Fresh and exhilarating, a welcome addition to the growing middle-grade genre of girls who like girls.

A shy, quiet drummer looks for her inner Rebel Girl at rock camp.

The day before 13-year-old Melissa “Melly” Goodwin departs for Camp Rockaway, her parents make a heartbreaking announcement: They’re splitting up. At least Melly doesn’t have to deal alone; her best friend, Olivia Mendoza, a bassist, will be with her. But when Olivia deserts Melly for her crush (a boy named Noel), Melly has to go it alone. She finds herself confiding in someone who isn’t her best friend. Could carefree guitarist Adeline become more than just a new pal? She certainly makes Melly feel like her heart is full of buzzing bees. When Noel dumps Olivia, she turns back to Melly, but jealousy drives a wedge between the besties. Can Melly make room for both her best friend and a potential girlfriend?
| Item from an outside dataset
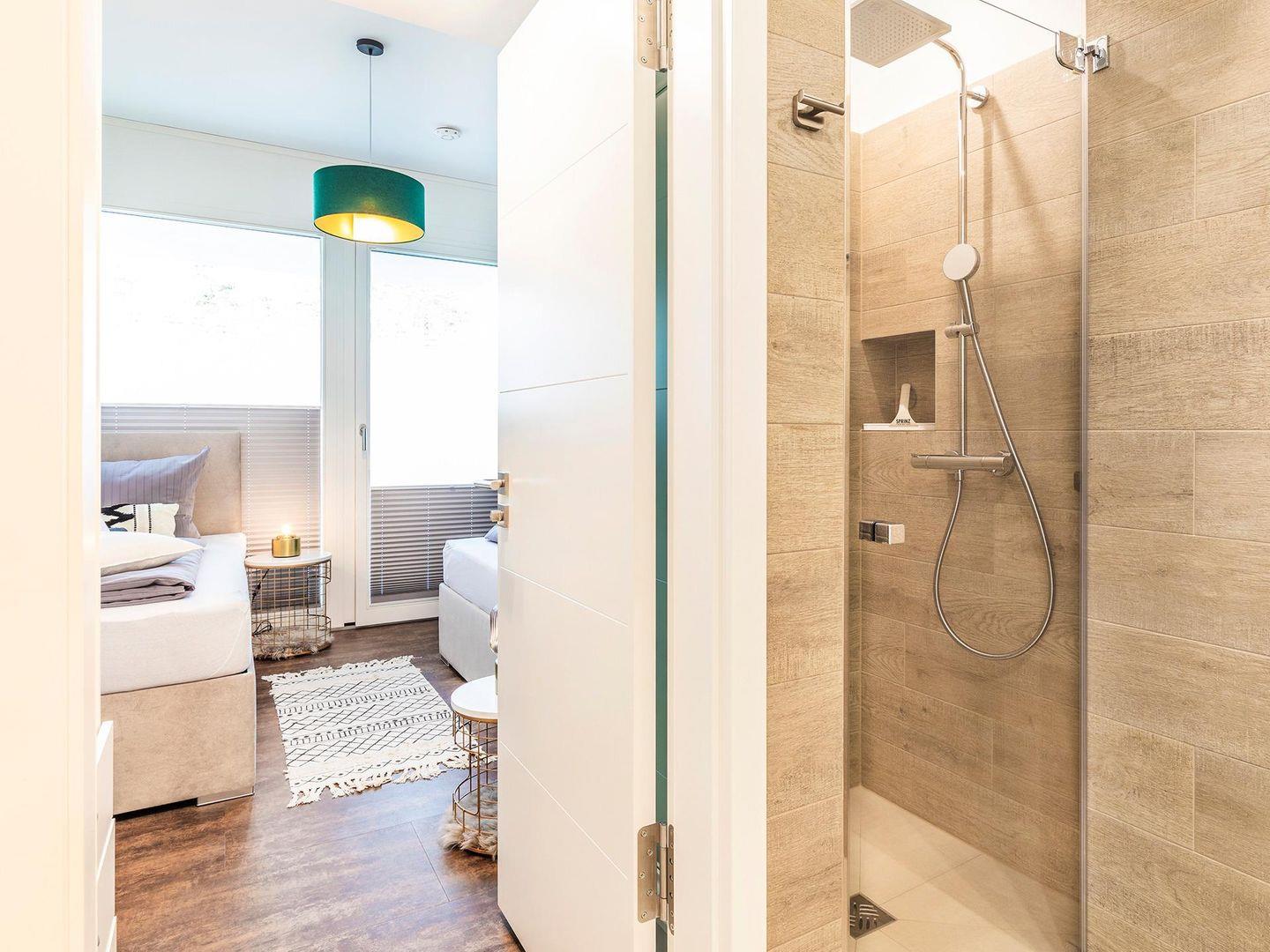 - Badezimmer 2: Regendusche, WC, Waschbecken, Haartrockner, Schminkspiegel mit Vergrößerung

Can she step out from behind her drum kit and find the strength she needs to face the music at home? Narrator Melly is a complex blend of anger, curiosity, and creativity, appealingly laying her emotions bare for readers. Puns such as “Joan Jetty” (the boathouse) and “B-flat” (the afternoon rest period) bring character to the camp setting, which is also naturally diverse; Melly is white, Olivia is implied Latina, and Adeline is not the only brown-skinned camper.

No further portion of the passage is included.